Such a study is especially necessary for suspicion of a blister aneurysm or when CTA is not clearly exposing the aneurysm morphology. The chance of aneurysm recurrence after treatment of blister pseudoaneurysms is high and vigilant followup imaging is warranted.

Traditionally, ACoA aneurysms are categorized based on the direction of their dome relative to ACoA: inferiorly, anteriorly, superiorly, or posteriorly.

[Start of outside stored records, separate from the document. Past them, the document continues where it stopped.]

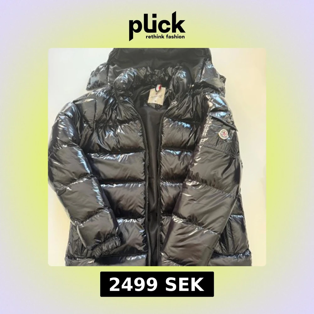 Snygg svart glansig dunjacka från Moncler med huva och dragkedja. Jackan har en quiltad design och är perfekt för kyligare väder. Den har en klassisk Moncler-logga på ärmen och en praktisk innerficka med röd dragkedja. NFC Funkar dessutom!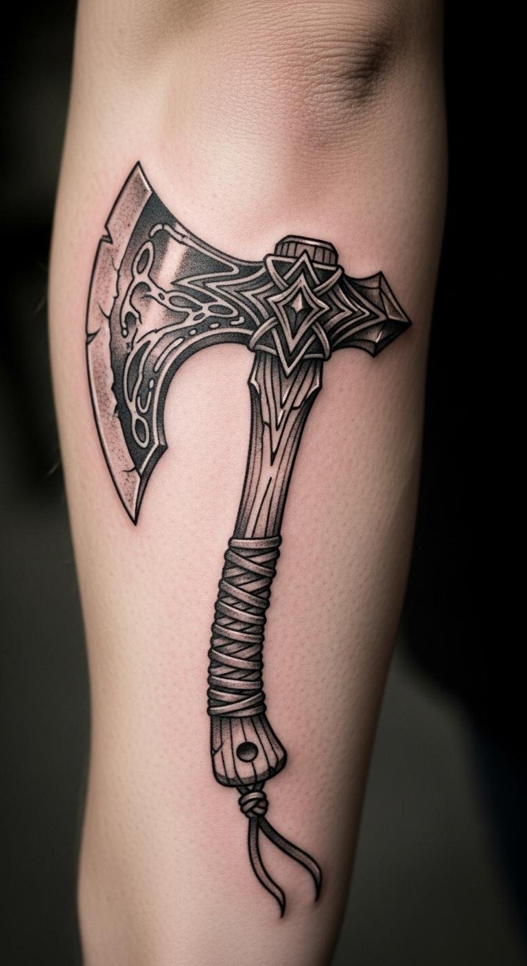 The Viking axe cuts through challenges. It’s for warriors within. Think about your battles. Place on your leg for stability. Draw axes from historical images. Etch on wood first. Look for quick ink sessions. Go for a basic shape. Use straight lines. Keep it covered initially. The axe sharpens resolve. Add a handle wrap for you. It’s a straightforward tool.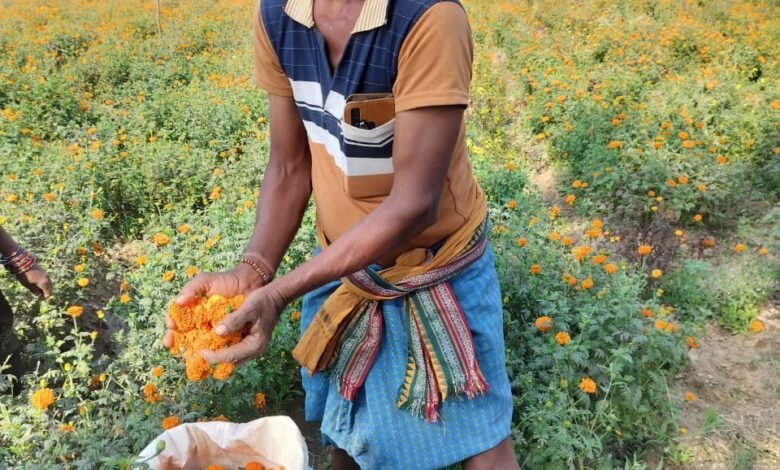 गेंदा की खेती से देवानंद निषाद कर रहा एक एकड़ में 2.5 लाख की कमाई अन्य किसान रबी फ़सल में धान के स्थान पर गेंदा की खेती की ओर हो रहे हैं अग्रसर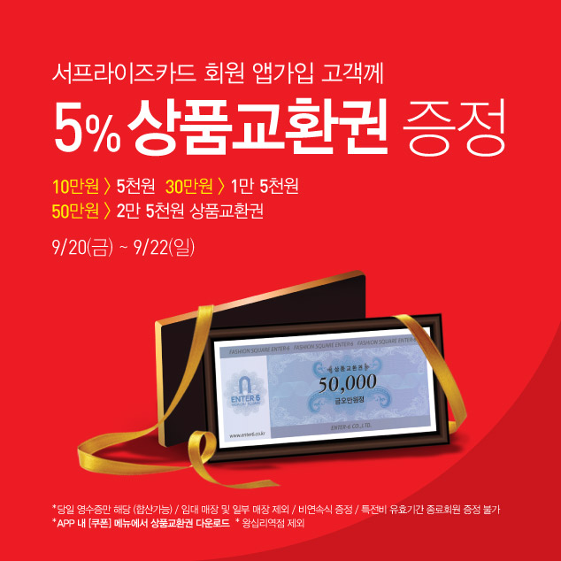 - 대상: 서프라이즈카드 20만원 이상 구매고객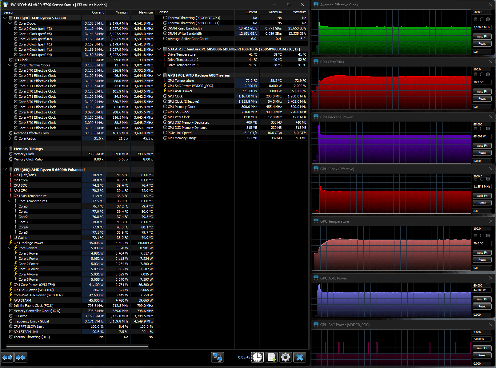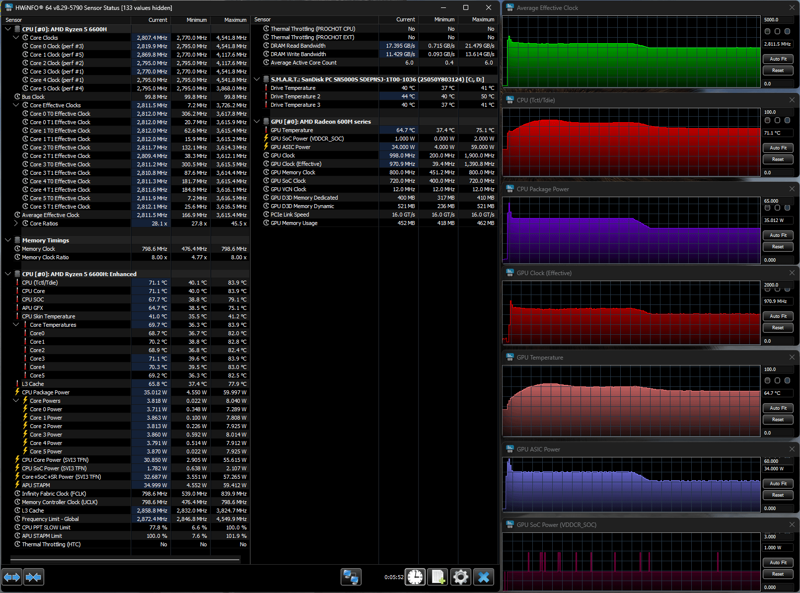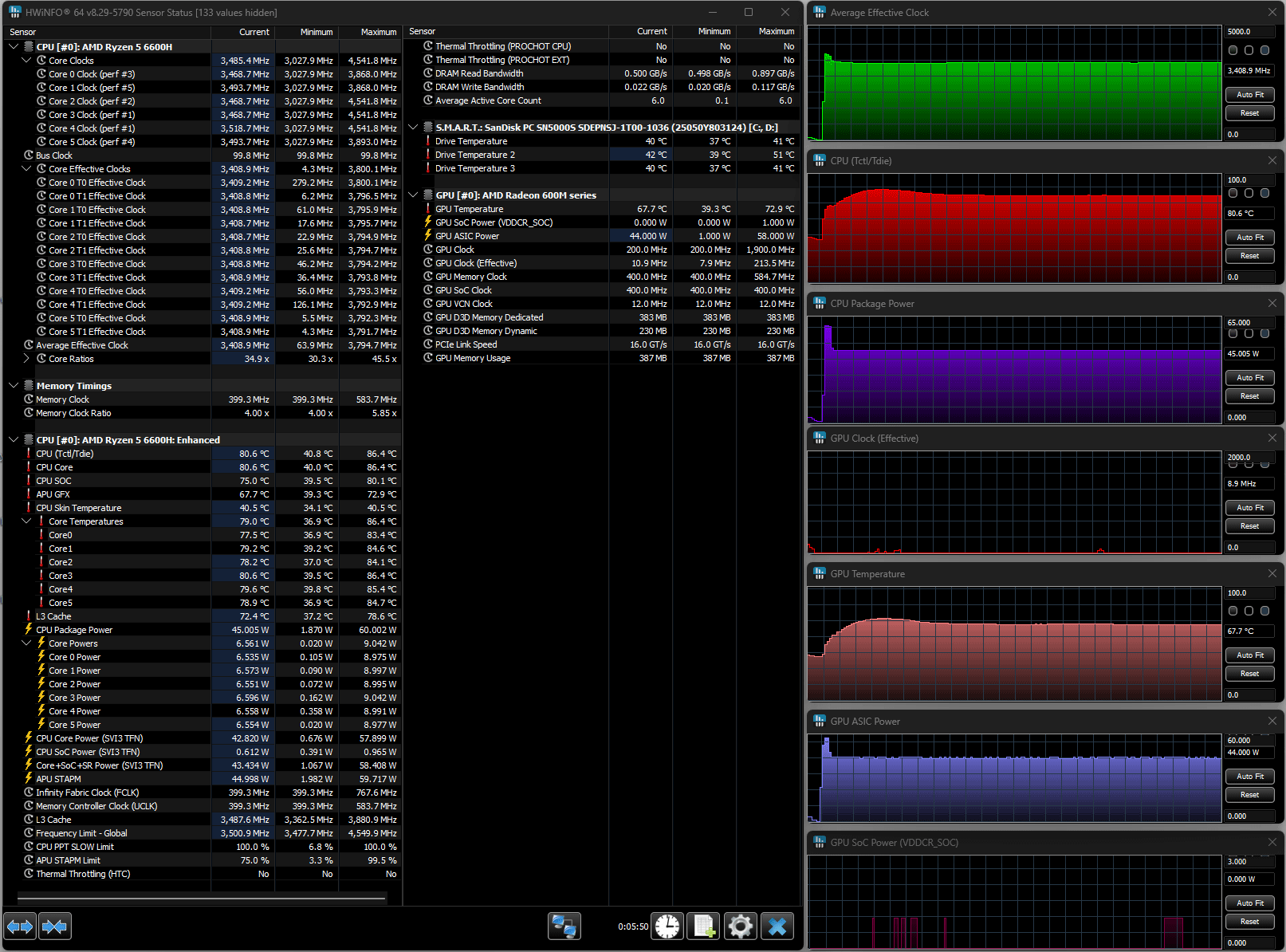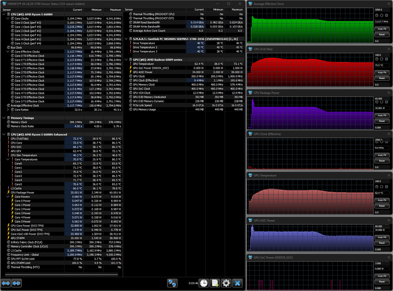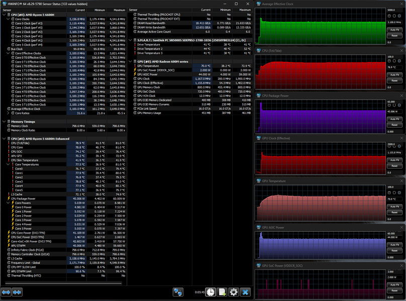 Интегрированный видеоадаптер AMD Radeon 660M процессора Ryzen 5 6600H работает на частотах до 1900 МГц, TGP до 15 Вт.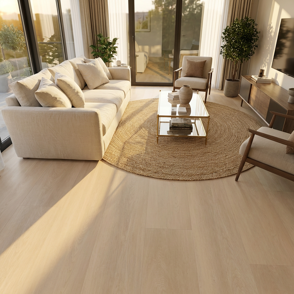 Creëer een lichte en rustige basis in huis met de Lumina plak PVC vloer in beige van OnlineWonen. De rechte plank geeft een ruimtelijk effect en past perfect bij moderne, Scandinavische en landelijke interieurs. De natuurlijke houtlook zorgt voor een warme en tijdloze uitstraling in elke ruimte.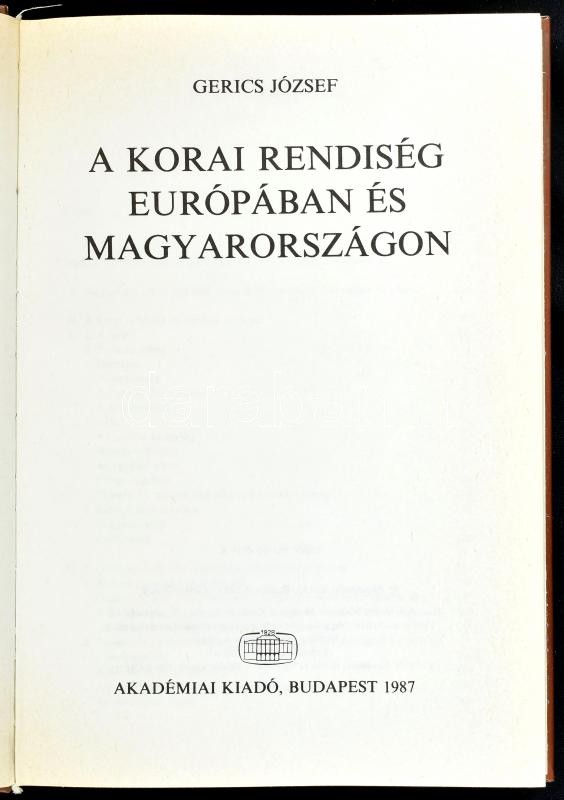 https://www.darabanth.com/en/412-Online-auction/412.0/Books/Books-History~1000008/Gerics-Jozsef-A-korai-rendiseg-Europaban-es-Magyarorszagon-Bp-1987-Akademiai-Kiadoi-ka~II2566101

Currently, both endovascular and microsurgical options are available for treatment of most ACoA aneurysms. Depending on the aneurysm morphology and orientation, there is often a need to remove a small portion of the gyrus rectus and manipulate the regional perforating feeders to the septal region, hypothalamus, and anterior perforating substance. Therefore, there is some risk of cognitive decline associated with microsurgery, especially for high-functioning patients. This risk is especially real for the superiorly and posteriorly pointing aneurysms.

For this reasons, I consider endovascular options before offering microsurgery. Reasonable candidates for microsurgery include young patients (<50 years old) with a broad-based neck or thrombotic aneurysm. Rarely, a patient may also present with mass effect on the chiasm from a partially thrombosed large ACoA aneurysm. In this situation, microsurgery can effectively relieve the mass effect through clip ligation, intrasaccular clot evacuation and resolution of pulsatility from the aneurysm sac.

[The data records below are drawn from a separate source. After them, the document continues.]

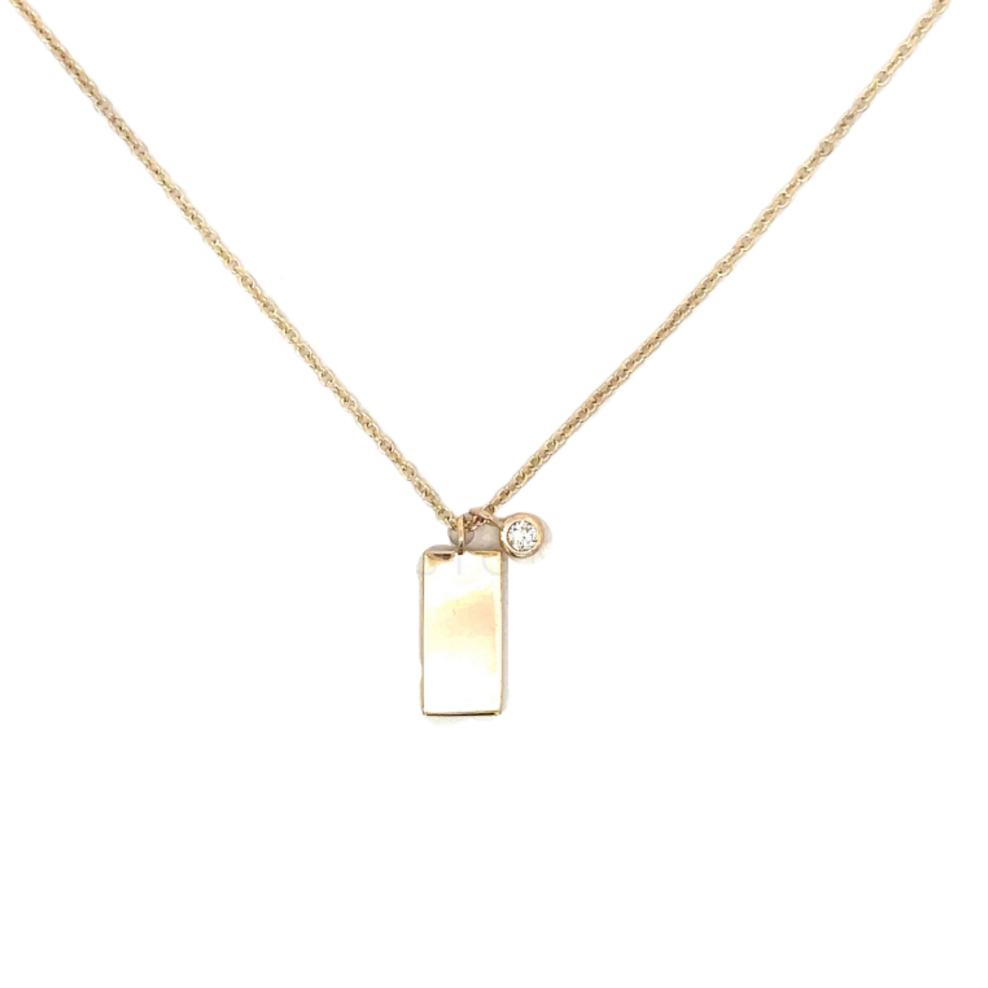 Yellow Gold Blank Rectangle and Bezeled Diamond Charm Necklace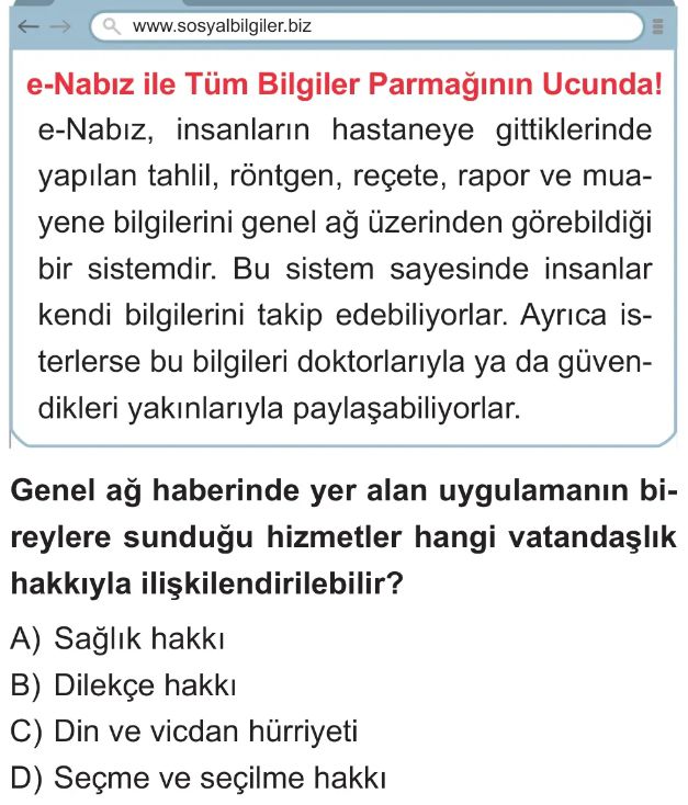 6. Sınıf Yaşayan Demokrasimiz Öğrenme Alanı Değerlendirme Test 3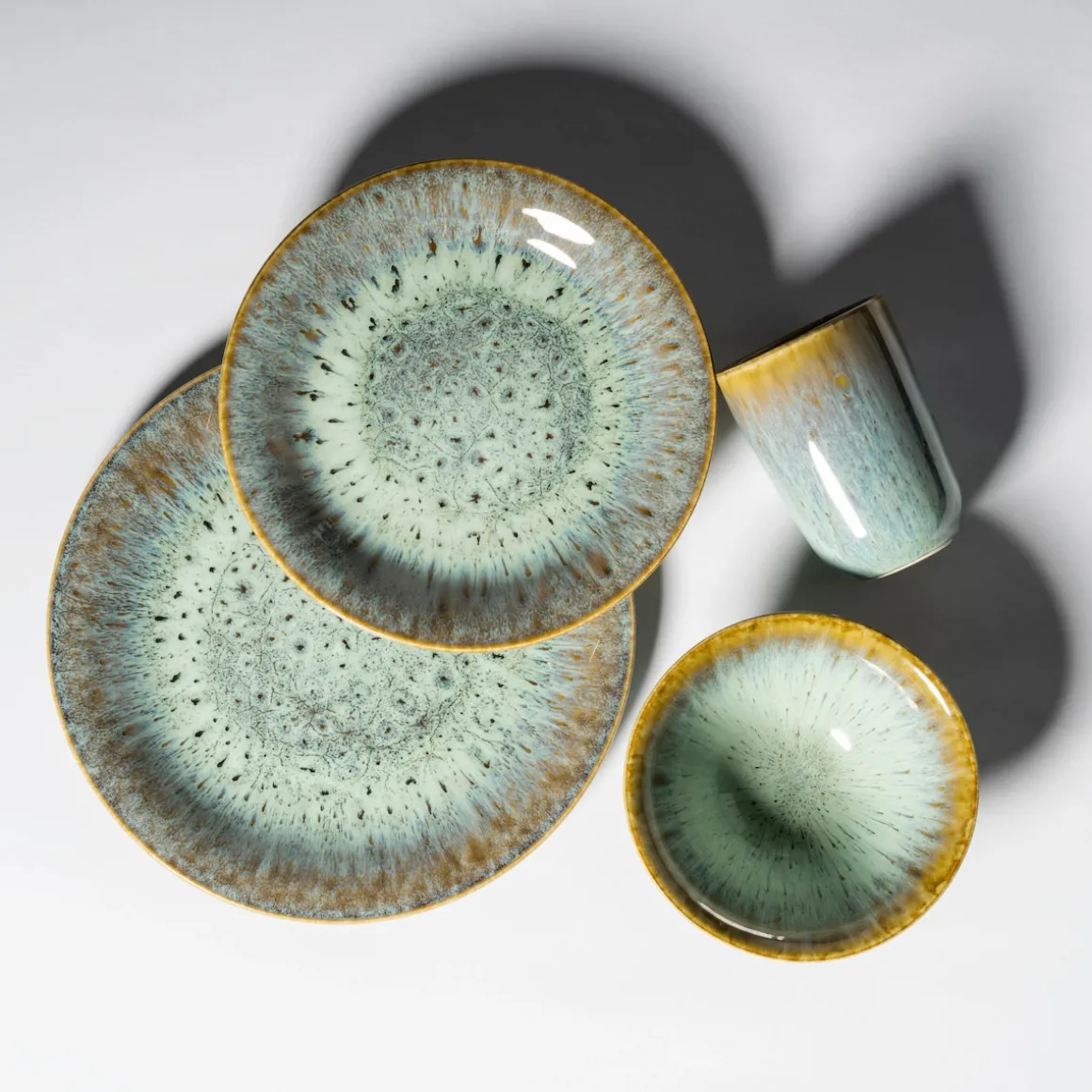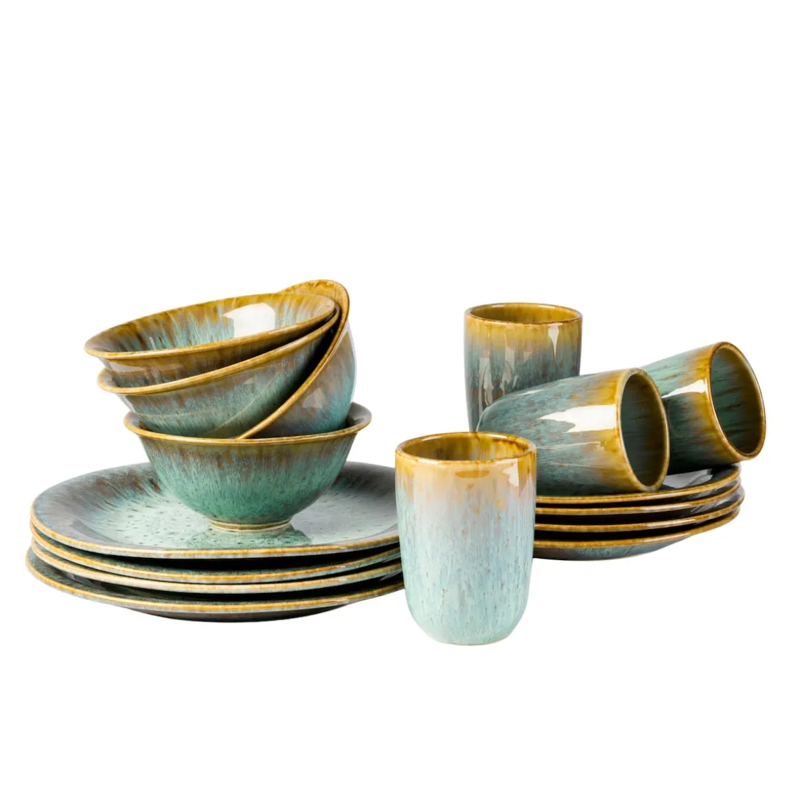 Die Keramik-Geschirr-Serie „Flussufer“ der österreichischen Marke Gipfelstück bringt die Schönheit der Alpen auf Ihren Esstisch. Inspiriert von einem Bergfluss, dessen klares Wasser sich seinen Weg durch grüne Täler und moosbewachsene Steine bahnt, beeindruckt das hochwertige, modern geformte Geschirr-Set durch seinen besonderen Farbverlauf von braun und grün zu blau. Dank der glänzenden, mehrstufig aufgetragenen Reaktivglasur ist jedes Keramikteil ein handgemachtes Einzelstück; aus europäischer Produktion hergestellt in Portugal. Das aus robustem Steinzeug gefertigte, einzigartige Keramikgeschirr ist mikrowellen- und spülmaschinengeeignet und somit auch alltagstauglich und pflegeleicht. Dieses Geschirrset wird klimaneutral in einer auf Bruchsicherheit getesteten Paketversandverpackung aus ressourcenschonenden Materialien versendet. Um eine objektive Vergleichbarkeit zu gewährleisten, gehen unsere Füllmengenangaben von einer randvollen Befüllung aus.

The recent introduction of balloon and stent-assisted embolization techniques has further expanded the realm of endovascular alternatives for management of this complex aneurysm subtype. The natural history of small neck remnants after coil embolization is unknown, but the risk of SAH is likely to be relatively low.

Atherosclerotic aneurysms pose a risk of flow compromise within the A2 outlets during their clip ligation. Extravascular inspection may not demonstrate any obvious intraluminal stenosis and flow compromise within the afferent and efferent vessels. Such a discrepancy may cause postoperative ischemia in the distal territories of A2 branches, despite a lack of any obvious clip-induced stenosis on the postoperative angiogram.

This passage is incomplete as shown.